# New web site



## Rex Mann (May 23, 2004)

We have a revamped web site.
Please let me know what you think!

Peace,

Rex

arizonapavers.com


----------



## Nathan (Jul 21, 2003)

By Far... one of the best sites out there.

Did you do it yourself or did you have someone do it?
If you had someone do it how much did you pay?


----------



## Grumpy (Oct 8, 2003)

Definetly not bad.


----------



## Mike Finley (Apr 28, 2004)

Looks nice, the only thing I don't like is the code you have for stoping right mouse clicking. There are a million ways to steal the code or pictures from your site other than right clicking. I dislike it because I am always in the habit of openning new browser windows and leaving a page with multiple links still open. I am always right clicking on links and openning them in new browser windows. I don't think I'm alone in that and the sites with code to disable it I end up not browing very deep because of it.


----------



## Grumpy (Oct 8, 2003)

The easiest way to steal pictures is to do a screen capture with the print screen button.


----------



## Rex Mann (May 23, 2004)

Nathan,

Thanks for the compliment on the site.

We had a design comapny do it for us.

One of my suppliers paid for the entire site to be done to our liking. And,
he pays for the monthly hosting.

Out of pocket $0.00, nada, zilch, freebie!

Peace,

Rex

PAVERSINSTALLED.COM


----------



## mdvaden (Aug 16, 2004)

I think it looks nice.

If it were mine, I think I'd put a photo of a couple of nice looking residences with trees and lawn for display effect. But that's a nice site. It's clean, fast, and the color is nice.

Good job.  

Have you ever loaded up the free Google Toolbar from Google? Once loaded, you can go in it and enable the page rank meter - a strong indicator of where your site ranks. I think you are a 2.

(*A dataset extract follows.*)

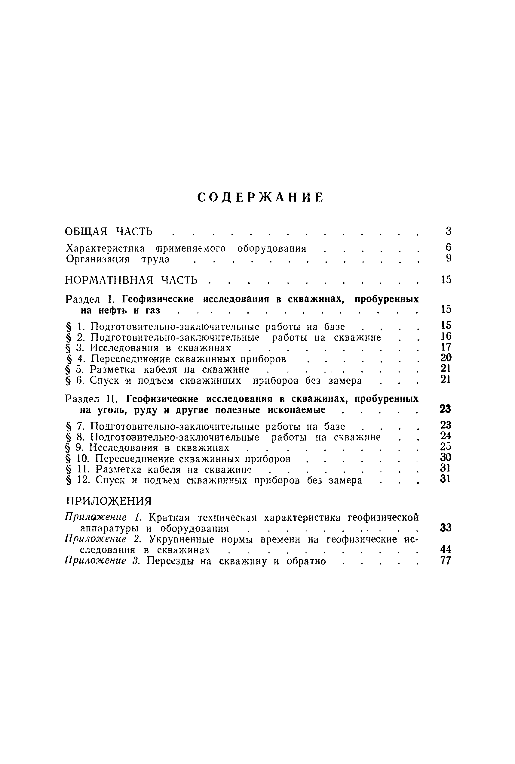| Оглавление: | Общая часть Характеристика применяемого оборудования Организация труда Нормативная часть Раздел I. Геофизические исследования в скважинах, пробуренных на нефть и газ § 1. Подготовительно-заключительные работы на базе § 2. Подготовительно-заключительные работы на скважине § 3. Исследования в скважинах § 4. Пересоединение скважинных приборов § 5. Разметка кабеля на скважине § 6. Спуск в подъем скважинных приборов без замера Раздел II. Геофизические исследования в скважинах, пробуренных на уголь, руду и другие полезные ископаемые § 7. Подготовительно-заключительные работы на базе § 8. Подготовительно-заключительные работы на скважине § 9. Исследования в скважинах § 10. Пересоединение скважинных приборов § 11. Разметка кабеля на скважине § 12. Спуск и подъем скважинных приборов без замера Приложение 1. Краткая техническая характеристика геофизической аппаратуры и оборудования Приложение 2. Укрупненные нормы времени на геофизические исследования в скважинах Приложение 3. Переезды на скважину и обратно |

One reason may be your inbound links.

Go to this site:

http://www.linkpopularitycheck.com/...display=true&submit=Check+My+Link+Popularity!

Enter your web address, and you will see how many inbound links come to you. You have about 3.

Type in my URL - about 50 to 65.

My new site http://www.askanarborist.com is only about 2 links. Just a little sprout !

You can put in anyone's website. In fact, you can click - say - MSN to the side, and it displays the links - yours, mine and competitors. And if you click the competitors, it will usually take you to that website on the links page. It may be a place to request a link. And, you may learn of a supplier or resource that you did not know about - interesting, ain't it. :cheesygri


----------